EXERCISE DETAILS:
The answer must be only the lines below from the one holding "Cartoon mountain pass" down to the one holding "Parakeet Auklet (Cyclorrhynchus", ends included, printed exactly; please omit all pictures.

EXERCISE MATERIAL:

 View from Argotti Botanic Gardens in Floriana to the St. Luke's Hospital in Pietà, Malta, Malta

---

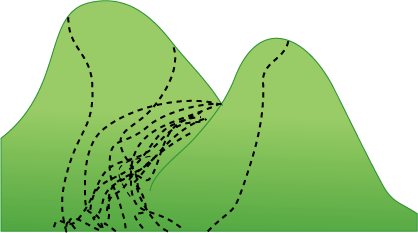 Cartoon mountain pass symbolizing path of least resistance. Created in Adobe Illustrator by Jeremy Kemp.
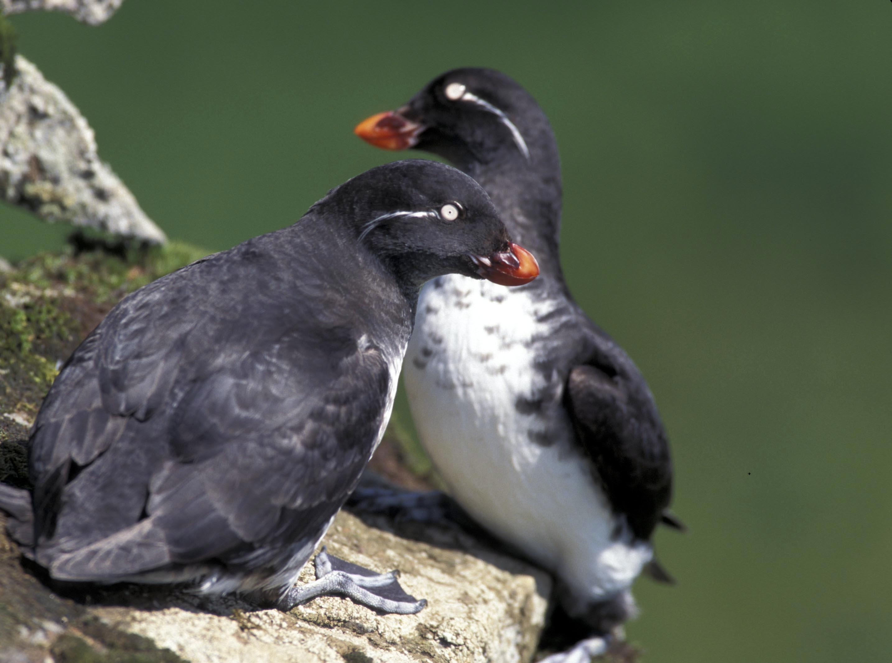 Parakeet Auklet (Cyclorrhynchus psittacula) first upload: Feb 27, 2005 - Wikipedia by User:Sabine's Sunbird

SOLUTION FOR THIS PROBLEM:
 Cartoon mountain pass symbolizing path of least resistance. Created in Adobe Illustrator by Jeremy Kemp.
 Parakeet Auklet (Cyclorrhynchus psittacula) first upload: Feb 27, 2005 - Wikipedia by User:Sabine's Sunbird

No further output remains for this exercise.